HEALTHCARE

Two new vaccines show promise in preventing TB

Healthcare rep image (File) Representational image

Two new vaccine candidates have shown promise in preventing TB infections, results of new clinical trials show. In a prevention-of-infection Phase II trial conducted in South Africa, re-vaccination with the Bacille Calmette-Guerin (BCG) vaccine significantly reduced sustained TB infections in adolescents. BCG is the world's only commercially available TB vaccine, and prevents some form of TB, but not pulmonary TB.

Another vaccine candidate, an experimental one—H4:IC31—also reduced sustained infections, although not at “statistically significant” levels. However, the trend observed for H4:IC31 is the first time a subunit vaccine (vaccines that use only one part of the disease-causing virus) has shown any indication of protecting against TB infection or disease in humans.
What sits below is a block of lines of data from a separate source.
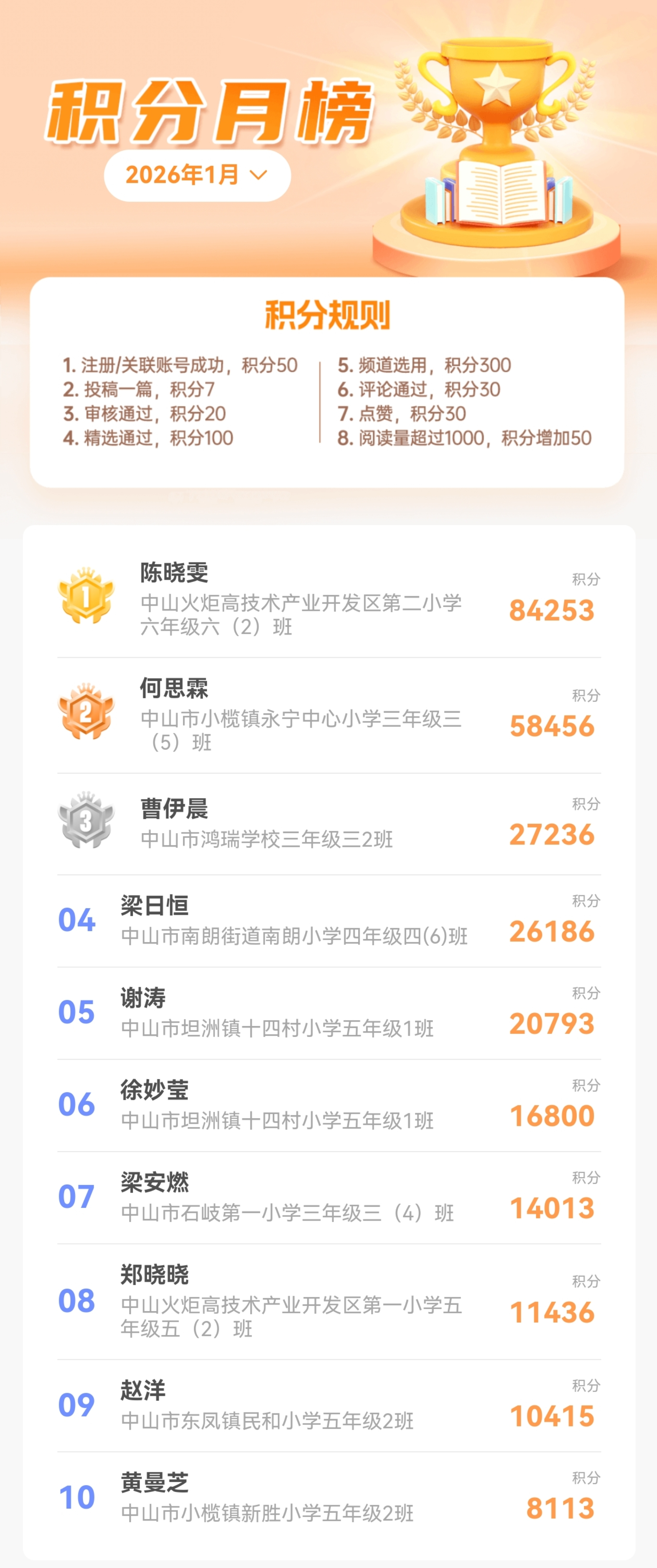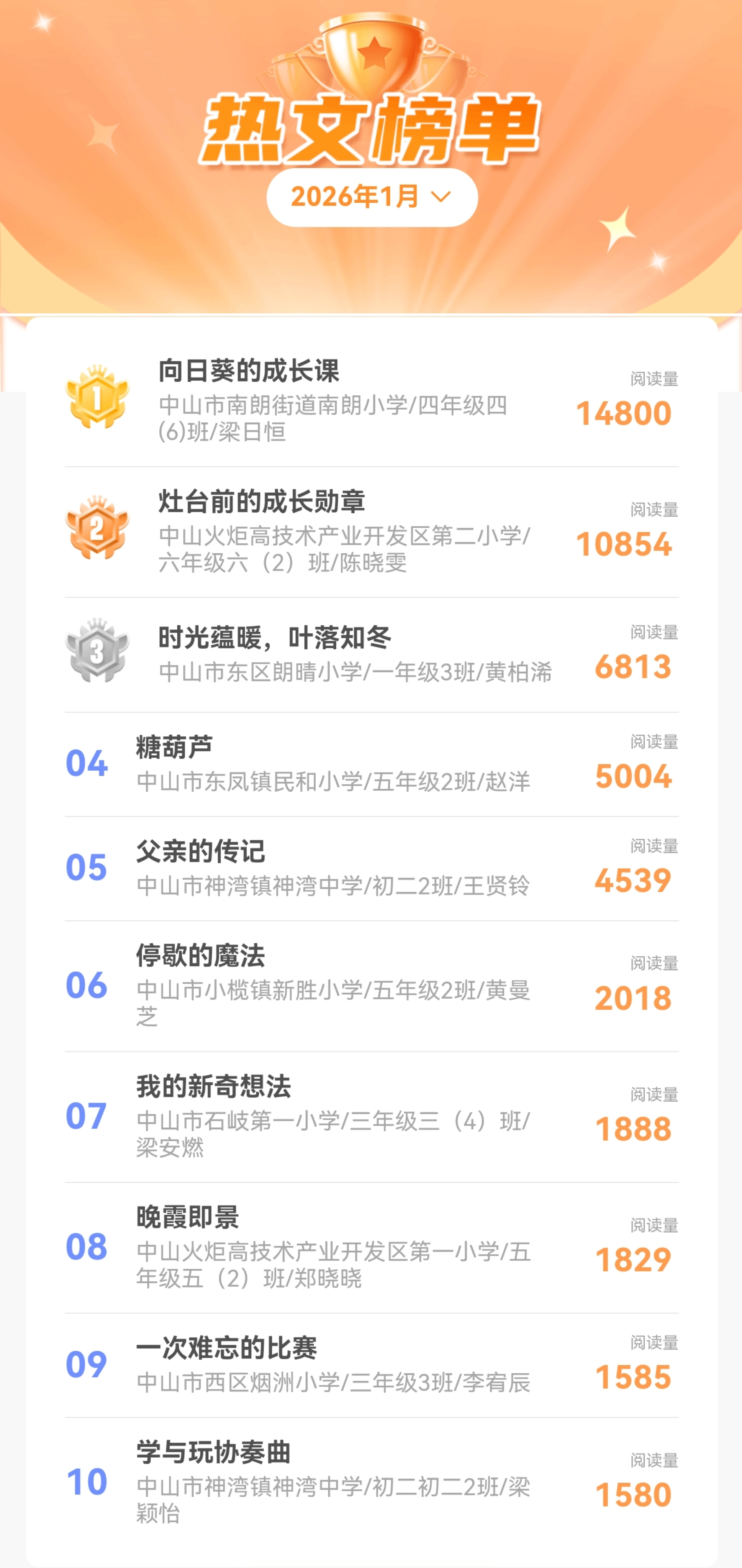 在陪伴中山学子成长的道路上,我们始终想给小作者们更多认可与鼓励。“月度热文榜”“积分月榜”不是优等生的专属,而是给所有热爱写作的孩子一个被看见、被认可的舞台——只要愿意写、愿意分享,就有机会上榜!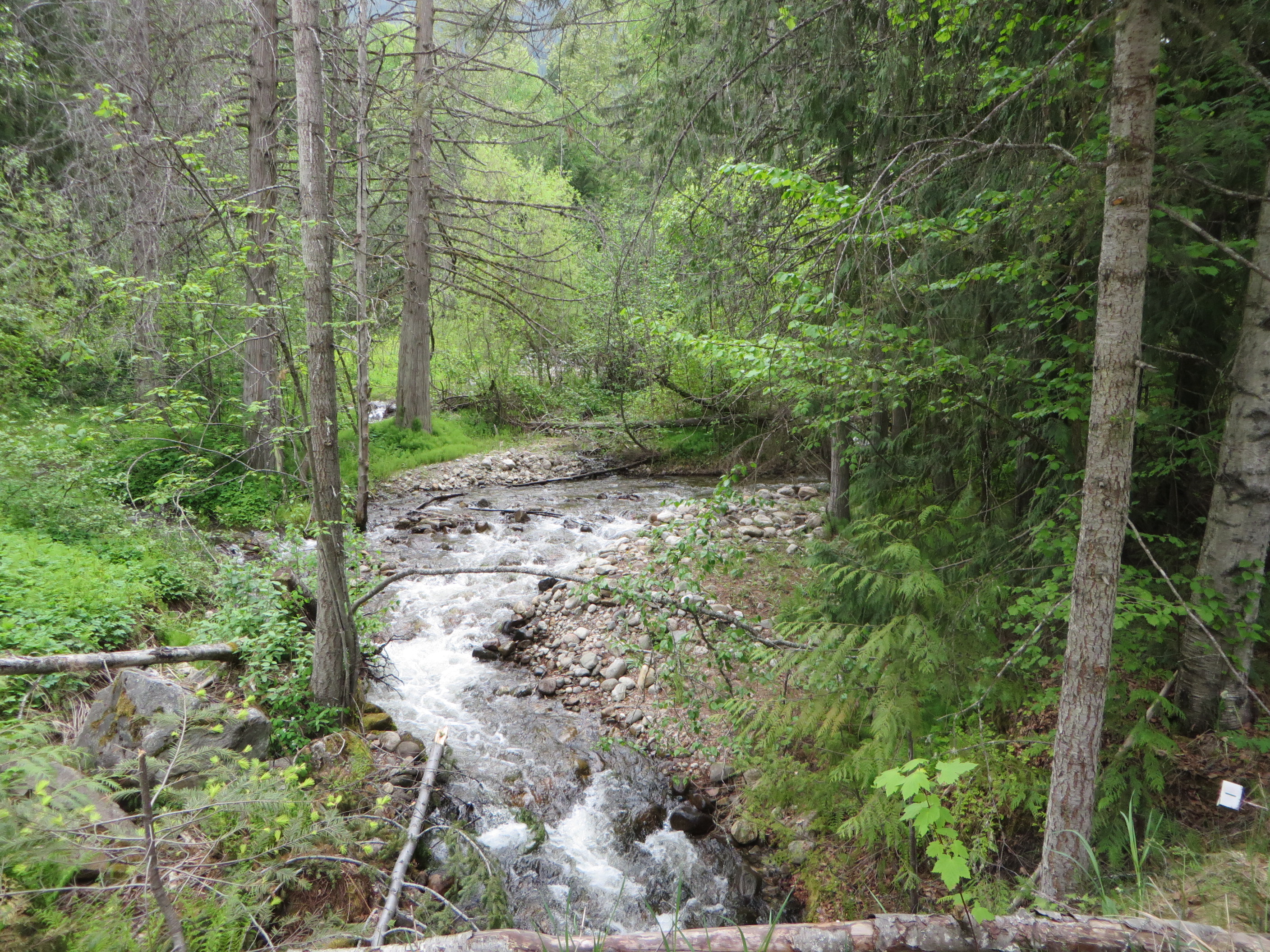 Some other time you may wish to add three expansions to the itinerary, for which you should plan at least half a day to fully enjoy it. Forestry people told me that the side road, which I mentioned earlier in this post, takes you over a bridge to a number of cut blocks at a much higher elevation. Once there you will enjoy fantastic views into the valley below and the mountains on the Edgewood side across the Arrow Lake. You could also continue on the Pin Creek road, which will take you to Heart Creek. It provides the drinking water for Fauquier below. There used to be a bridge. In the spring of 1985, the creek swollen by heavy rains and melt water completely destroyed the bridge.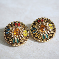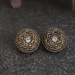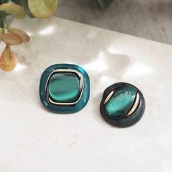N様★モザイクデザイン ブラック×クリア 2way レトロボタンピアス ゴールドフープ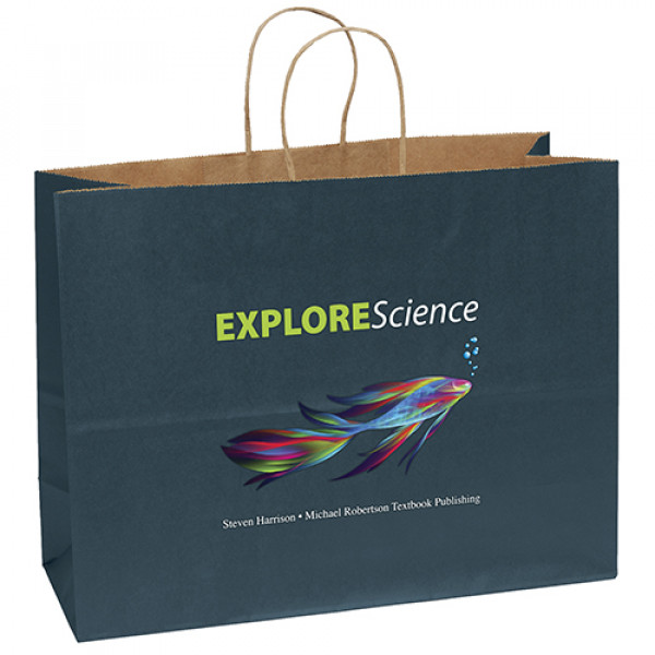 "::Matte paper shopper with serrated cut top\n::Twisted kraft paper handles\n::Available in 9 different colors"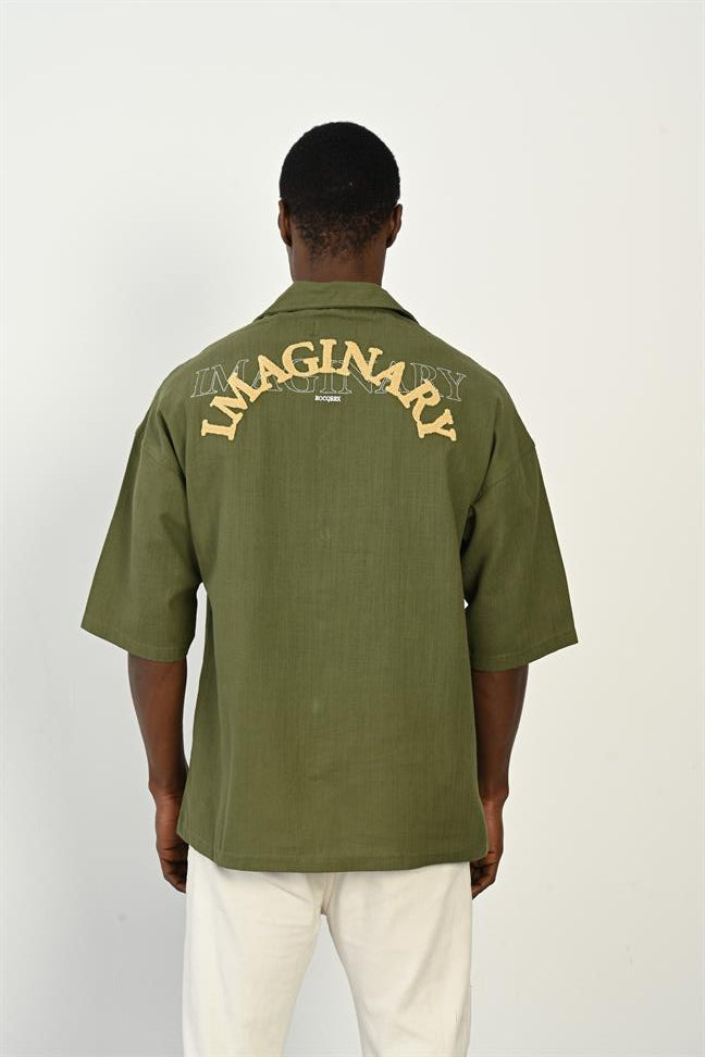 Refined and effortless. The R-3954 shirt is cut from 100% cotton-linen fabric for natural breathability and a textured, lightweight feel. A clean button-front and classic collar keep it smart, while the back “Imaginary/Imagınary” embroidery adds a subtle statement. Pair with chinos or denim for workdays, weekends, and warm-weather evenings.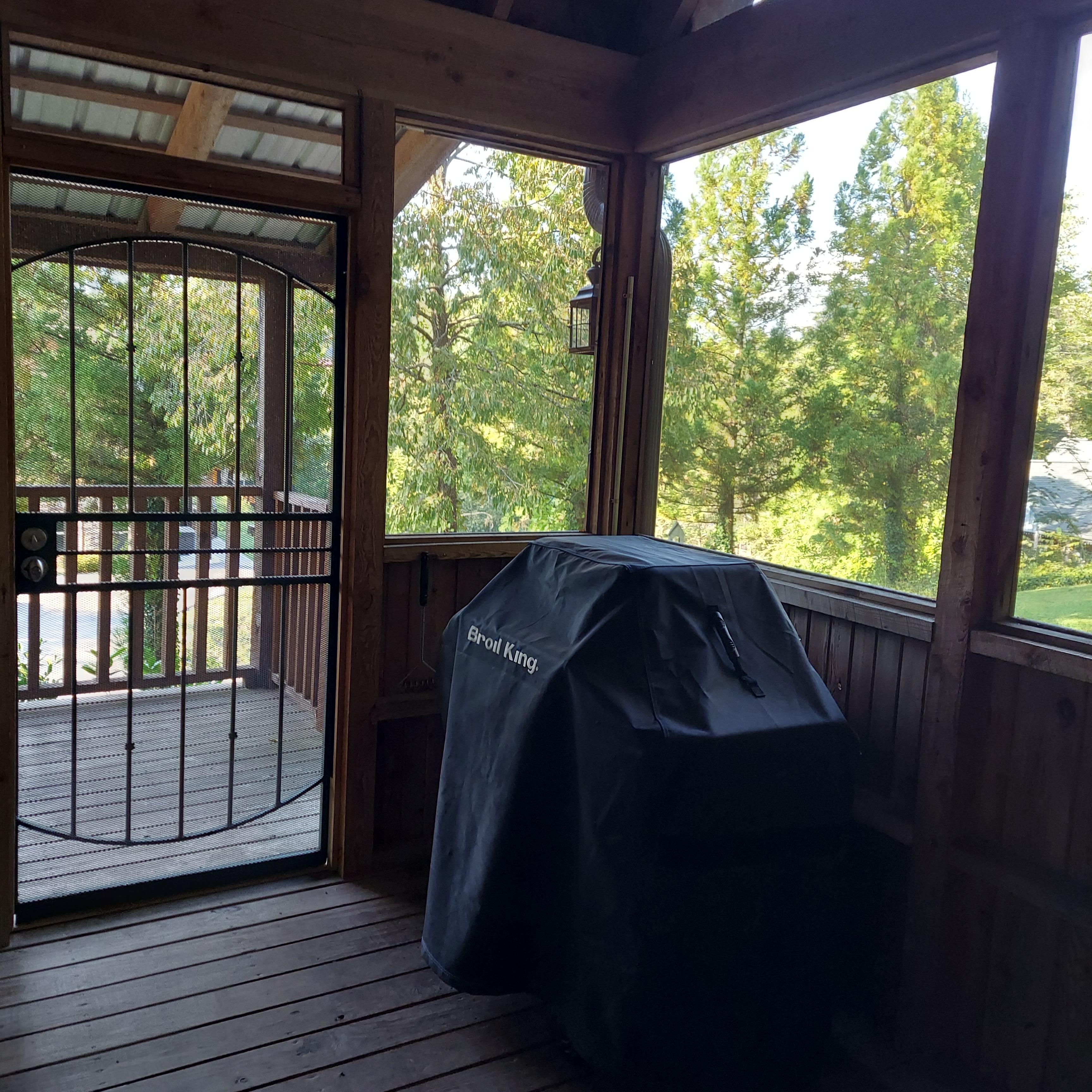 There is a covered front porch with a swing and two rocking chairs for enjoying the views and sipping on your morning coffee!There is also a covered screened enclosed side porch that offers a hottub with a new light weight cover for easy removal and a gas grill for your cook outs!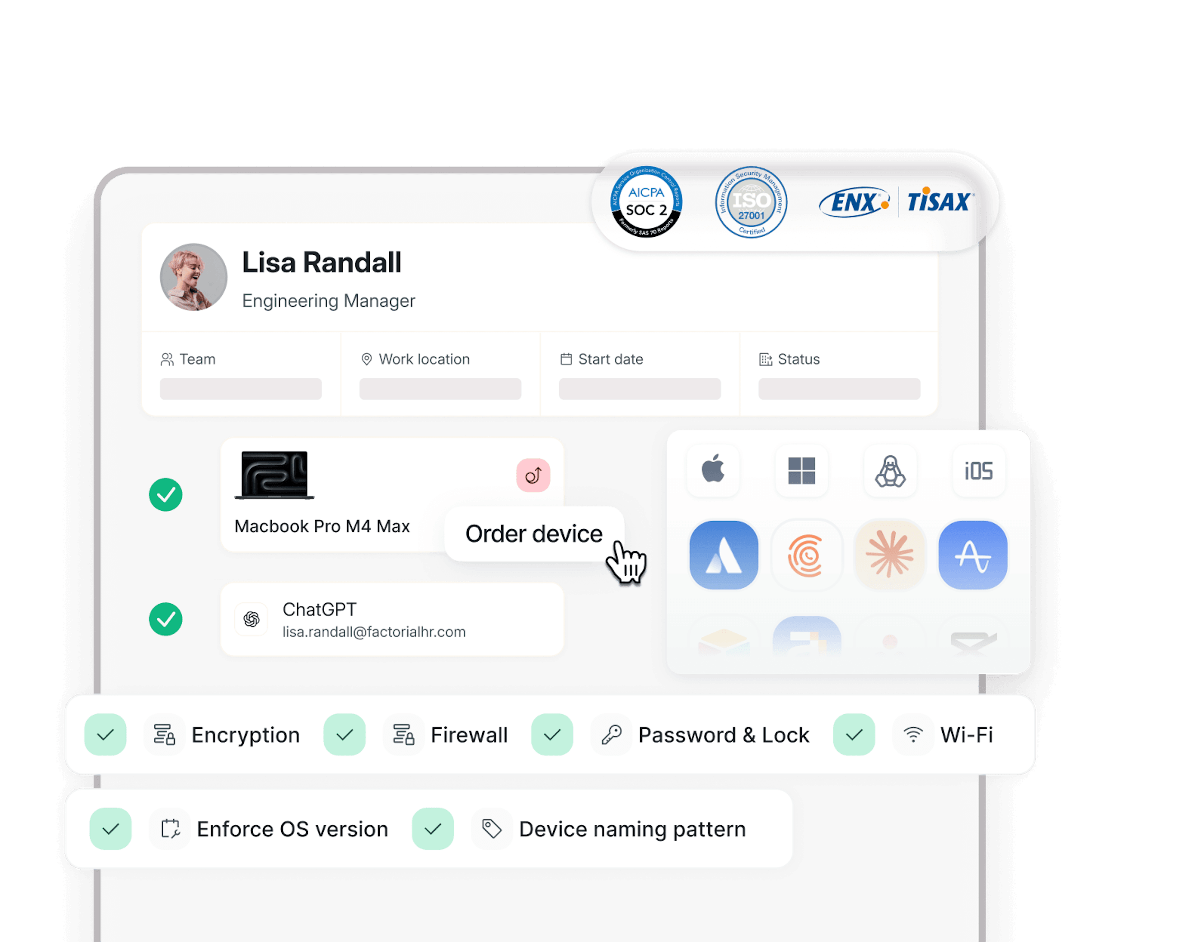 Factorial IT MDM is built for mixed fleets. You can manage company laptops, desktops, smartphones, and tablets across the major operating systems — macOS, Windows, Linux, iOS, and Android — with real-time inventory and device health in one place. See who’s using each device, whether it’s compliant, and take action remotely when needed.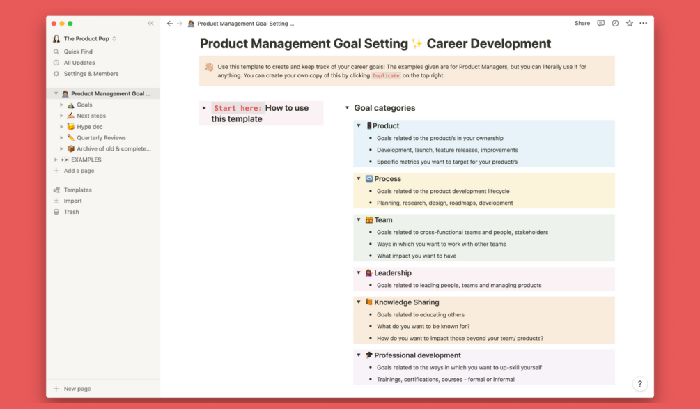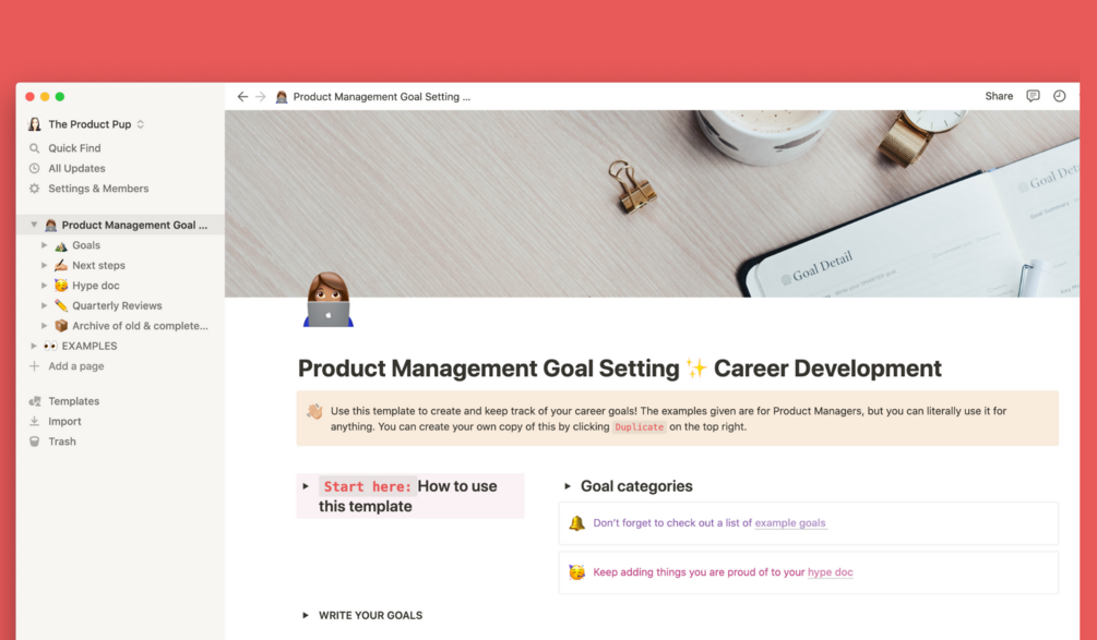 A simple Notion template to set, track and manage your career-focussed goals. Aimed at helping Product Managers, but can really be used by anyone, in any career path or industry.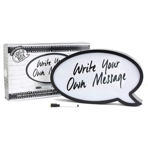Valotaulu jonka etuseinään voi kirjoittaa oman viestin. Mukana tussi ja pyyhekumi. Seisoo itsekseen tai sen voi ripustaa seinälle.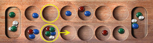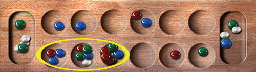 With the extra stone, a sowing from your opponent's threatening pit will overshoot your vulnerable cup.

The announcement of the “encouraging” results from the “innovative clinical trials” was made on Monday by Aeras, a nonprofit organisation dedicated to developing vaccines against tuberculosis (TB). The study evaluated H4:IC31 vaccination and BCG re-vaccination for "safety, immunogenicity and the ability to prevent initial and sustained TB infections" among healthy adolescents in the Western Cape Province of South Africa. H4:IC31 is an investigative sub-unit vaccine candidate that is being jointly developed by Aeras and Sanofi Pasteur, the vaccines business of Sanofi, and the Statens Serum Institut.

The clinical trial was conducted at SATVI and at the Emavundleni Research Centre (part of the Desmond Tutu HIV Centre in the University of Cape Town, Africa). It was funded by Sanofi Pasteur, the United Kingdom’s Department for International Development, The Bill & Melinda Gates Foundation and Aeras.

Over the past decade, more than a dozen new TB vaccine candidates have been tested in human clinical trials around the world..

Mark Hatherill, MD, director of the South African Tuberculosis Vaccine Initiative (SATVI) at the University of Cape Town, and the study’s principal investigator, said, “We are pleased to have performed the first-known randomised, placebo-controlled prevention-of-infection trial for TB and to have demonstrated that vaccination has the potential to reduce the rate of sustained TB infection in a high-transmission setting.”

While neither vaccine has proved to be “statistically significant” in preventing an initial TB infection, Hatherill insisted that the signals were extremely encouraging. “We believe the results from this novel trial design will provide significant scientific benefit to the field in understanding TB infection, and based on this positive signal, we look forward to testing the potential of such vaccines to prevent TB disease among uninfected adolescents in a larger, more traditional prevention-of-disease clinical trial.” Aeras would be presenting the detailed results of the study at the 5th Global Forum for TB Vaccines that starts on February 20 in the capital.

According to the World Health Organisation (WHO), about one-third of the world's population has "latent TB infection". This means that people have been infected by TB bacteria but are not yet ill with the disease, and cannot transmit the disease. People infected with TB bacteria have a 10 per cent lifetime risk of falling ill with TB. Those ill with TB can infect 10–15 other people through close contact over the course of a year.

India has the highest burden of TB in the world, and the government is targeting to eliminate the disease by 2025.